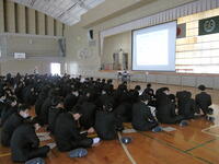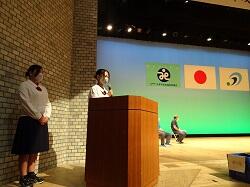 ホールでは防災についての講演会や書道や絵画などの表彰式が行われました。2名の女子生徒が緊張しながらも福祉まつりの司会進行を努めてくれました。
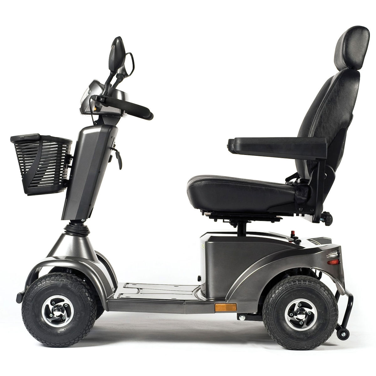 Taking the bright, front/rear LED lights, all-round suspension and combining it with a maximum speed of 8mph, the S425 mobility scooter is fully legal for road use as well as on pavements. As you’ll be travelling on roads, the wheel height (30cm) will help to tackle those usual outdoor obstacles with ease. Fancy venturing a little further? The large battery size of 55Ah will help to power your way. Plus with the S425’s unique carbon-metallic colour, heads will turn just as easily as your S425 does!
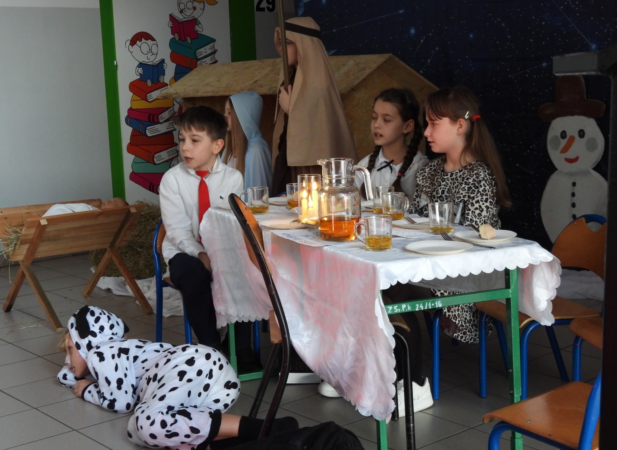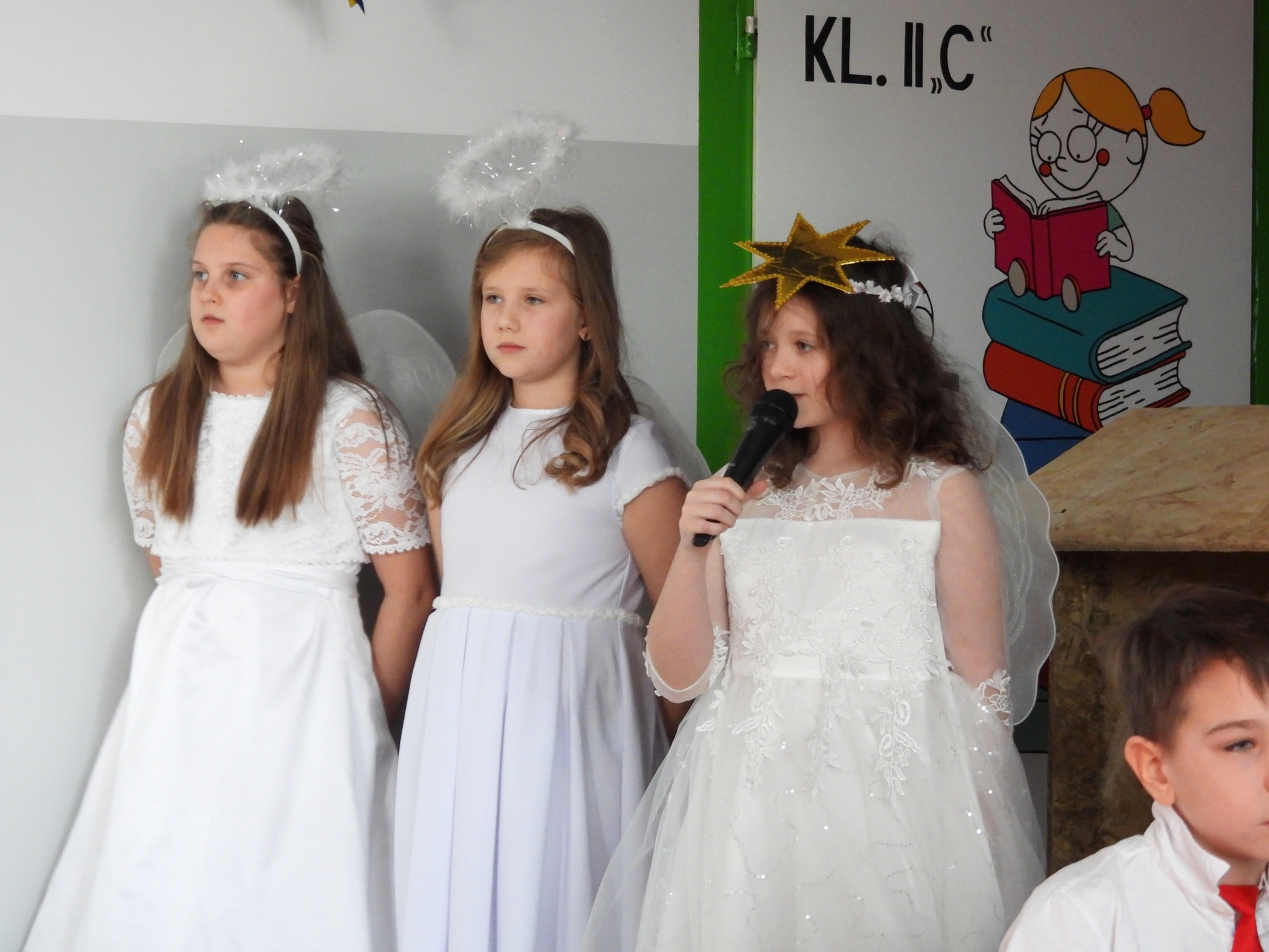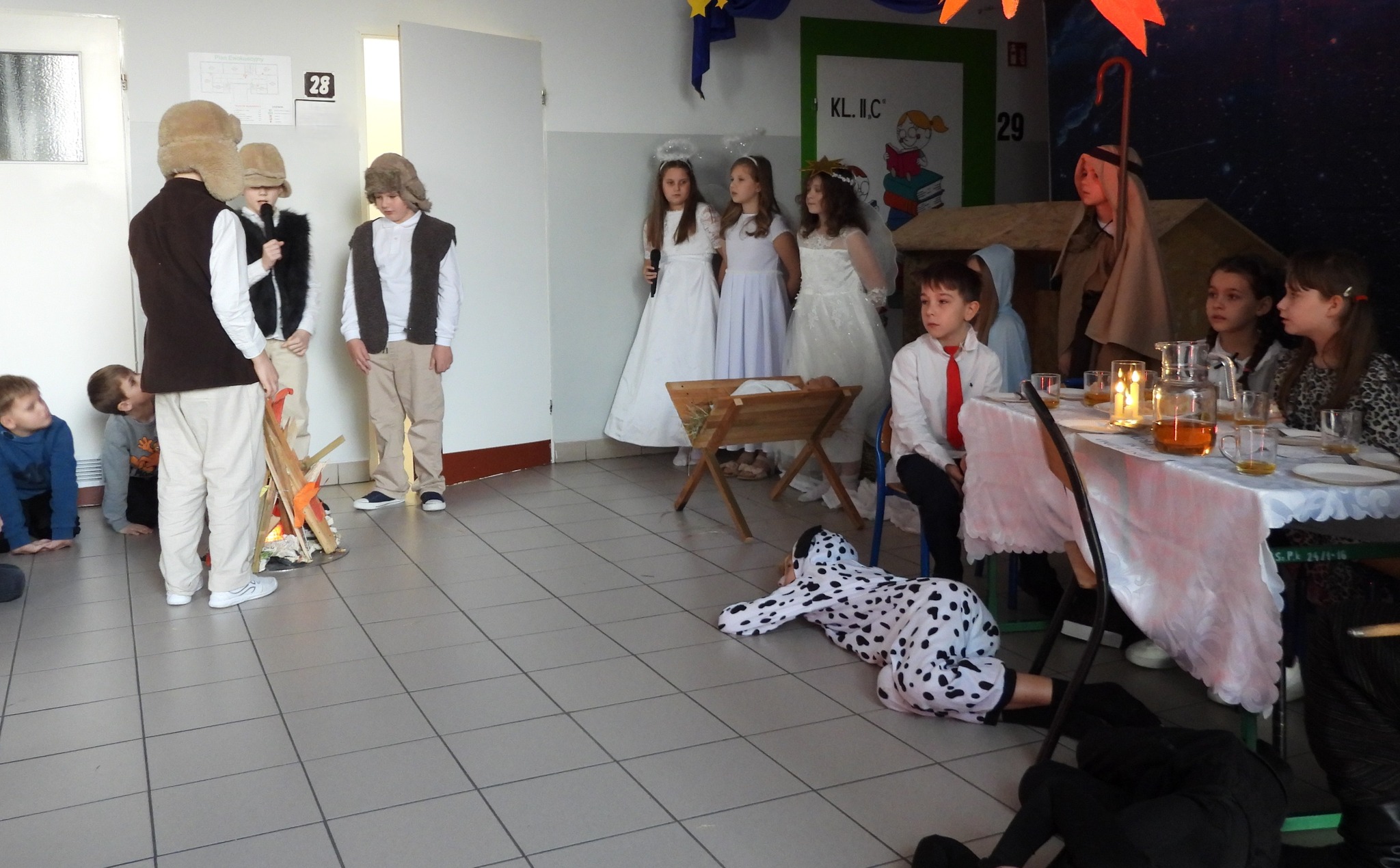 W dniu 17 grudnia, klasa III b pod kierunkiem Ewy Goliat, zaprezentowała dla klas młodszych bożonarodzeniowe przedstawienie zatytułowane "Dzieciąteczko Maleńkie". Dzieci pokazały przygotowania do wigilii, rodzinną wigilię wraz domowymi zwierzętami oraz odwiedziny Świętej Rodziny w stajence. Pokazały też, że mimo dodatkowego nakrycia zabrakło miejsca dla przypadkowych wędrowców, którymi okazali się Maryja z Dzieciątkiem, Jezus i Anioł. Gra małych aktorów, ciekawe stroje, bogata oprawa muzyczna i gra na fletach zostały wysoko nagrodzone gromkimi brawami. Na koniec przedstawienia głos zabrała Pani Dyrektor Agnieszka Bernaciak, która złożyła wszystkim życzenia świąteczne.
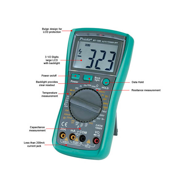 This rugged multimeter is designed to give reliable, accurate readings under the most extreme conditions. The case is double-injection molded and it also has a removable heavy vinyl casing to guard against impact. Measures voltage, amperage, resistance, continuity, capacitance, temperature, and diode checks. Positive stop rotary switch selects any of over 40 different functions. |

• Brief: Without the pictures, return the whole of the data exactly as given.

• Task output:
 ホールでは防災についての講演会や書道や絵画などの表彰式が行われました。2名の女子生徒が緊張しながらも福祉まつりの司会進行を努めてくれました。
 Taking the bright, front/rear LED lights, all-round suspension and combining it with a maximum speed of 8mph, the S425 mobility scooter is fully legal for road use as well as on pavements. As you’ll be travelling on roads, the wheel height (30cm) will help to tackle those usual outdoor obstacles with ease. Fancy venturing a little further? The large battery size of 55Ah will help to power your way. Plus with the S425’s unique carbon-metallic colour, heads will turn just as easily as your S425 does!
 W dniu 17 grudnia, klasa III b pod kierunkiem Ewy Goliat, zaprezentowała dla klas młodszych bożonarodzeniowe przedstawienie zatytułowane "Dzieciąteczko Maleńkie". Dzieci pokazały przygotowania do wigilii, rodzinną wigilię wraz domowymi zwierzętami oraz odwiedziny Świętej Rodziny w stajence. Pokazały też, że mimo dodatkowego nakrycia zabrakło miejsca dla przypadkowych wędrowców, którymi okazali się Maryja z Dzieciątkiem, Jezus i Anioł. Gra małych aktorów, ciekawe stroje, bogata oprawa muzyczna i gra na fletach zostały wysoko nagrodzone gromkimi brawami. Na koniec przedstawienia głos zabrała Pani Dyrektor Agnieszka Bernaciak, która złożyła wszystkim życzenia świąteczne.
 This rugged multimeter is designed to give reliable, accurate readings under the most extreme conditions. The case is double-injection molded and it also has a removable heavy vinyl casing to guard against impact. Measures voltage, amperage, resistance, continuity, capacitance, temperature, and diode checks. Positive stop rotary switch selects any of over 40 different functions. |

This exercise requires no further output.